David Miln

Personal information
- Nationality: Australia
- Born: 6 December 1985 (age 40) Salisbury, England

Sport
- Country: Australia

= David Miln =

Australian Paralympic skier

David Miln (born 6 December 1985) is an Australian para skier He competed in biathlon and cross- country skiing at the 2026 Winter Paralympics.

==Personal==
Miln was born on 6 December 1985 in Salisbury, England. Miln served for nearly 15 years in the United Kingdom military as a Royal Marine Commando and Mine Warfare and Clearance Diving Officer. In 2019, he transferred to the Royal Australian Navy as a Mine Warfare and Clearance Diving Officer. In 2022, during a skiing holiday in Northern California, whilst carrying his one-year-old daughter Anna and guiding his three-year-old daughter Isla, they slipped into a large snow removal machine. This resulted in severe injuries to Miln and his eldest daughter who ended up with broken legs and pelvis.The accident left Miln with his left leg amputated above the knee and his right below the knee, along with various other injuries, including spinal fractures.

==Skiing==
He is classified as LW12 sit skier. He represented Australia at the 2025 Invictus Games Vancouver Whistler and was Australia's Flag Bearer at the opening ceremony. He won a silver medal in advanced biathlon. He has competed in FIS international events since 2024/25.

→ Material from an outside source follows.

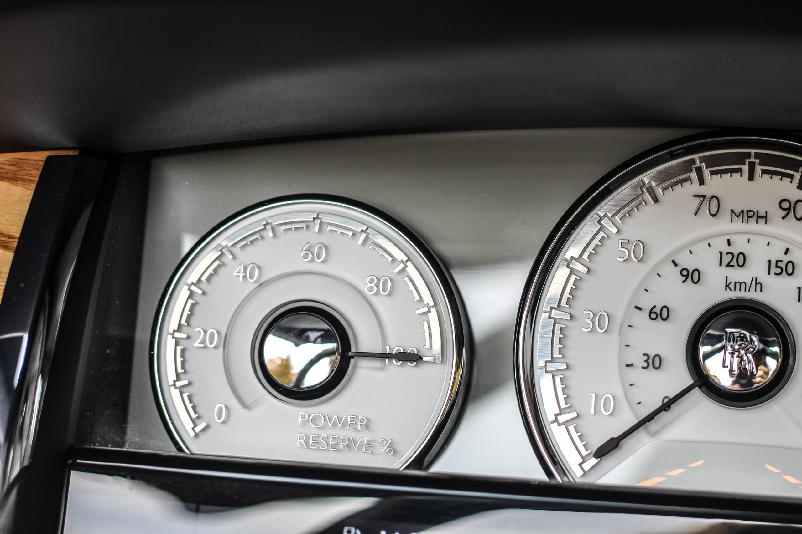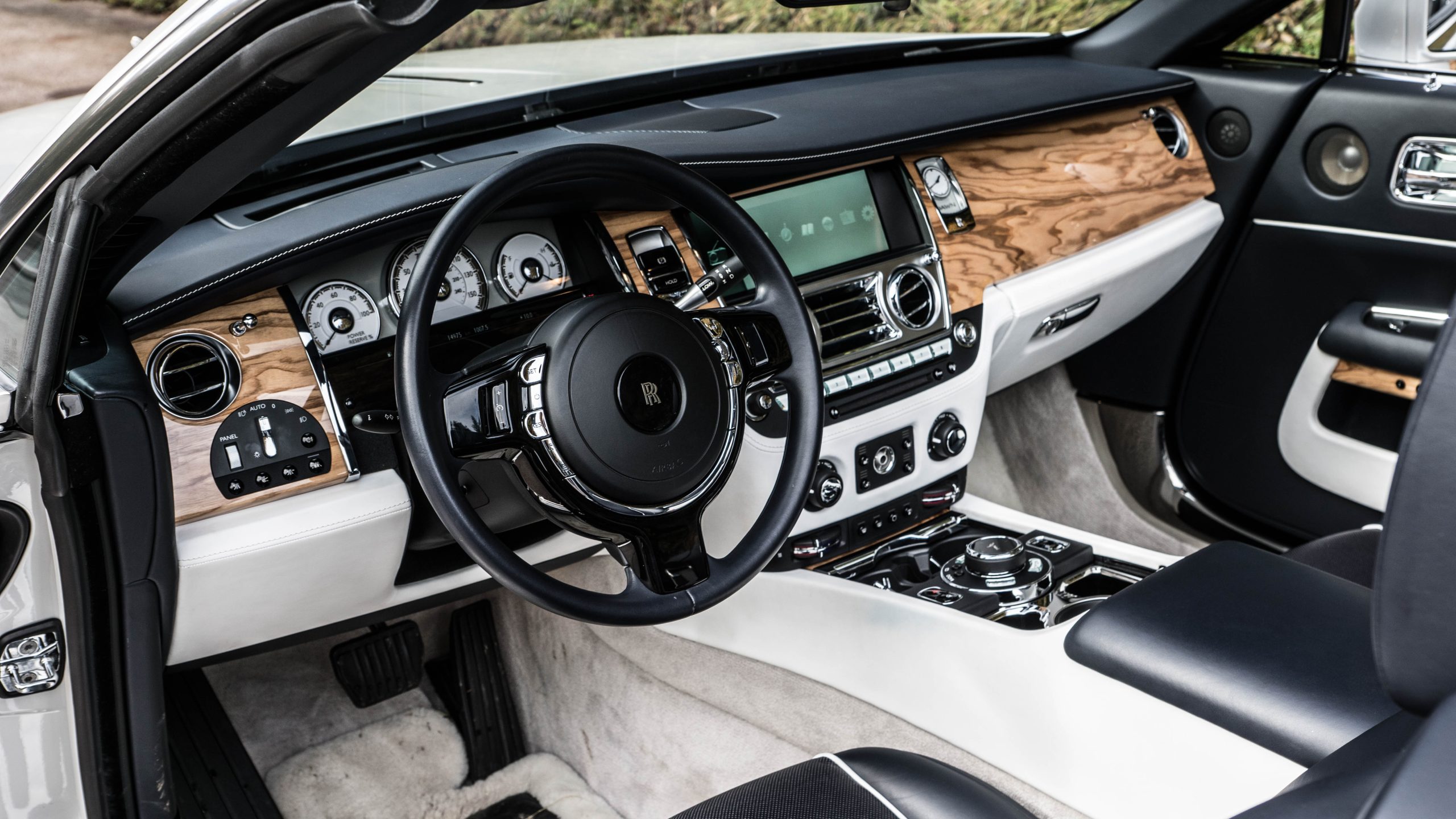 I Rollsen är det många bäckar små som gäller. Det är dock när man fattar grepp om ratten – som är lika smal som en segelbåtsratt men minst lika stor – som upplevelsen verkligen tar fart. Med ett knapptryck hör man hur startmotorn väcker V12:an till liv. När man sätter den rattstångsmonterade växelväljaren till ”D” är bilen redo för att ge dig din livs åktur. Man kör inte en Rolls-Royce, man upplever den.

At the 2026 Winter Paralympics, he competed in biathlon and cross-country skiing. His biathlon results were - 20th in Men's Individual Sitting, 25th in Men's Sprint pursuit - Sitting and 26th in Men's Sprint - Sitting. His cross-country skiing results were - 20th in Men’s 10km classical - Sitting, 23rd in Men's 20km Interval Start - Sitting and 28th in Men's Sprint - Sitting.

Miln also plays for wheelchair basketball club in Manly.

Miln stated that his philosophy is “It’s closed some doors, but opened a lot of others and it would be remiss of me not to make the most of these opportunities and enjoy it. Success for me is about pushing myself and trying to better myself."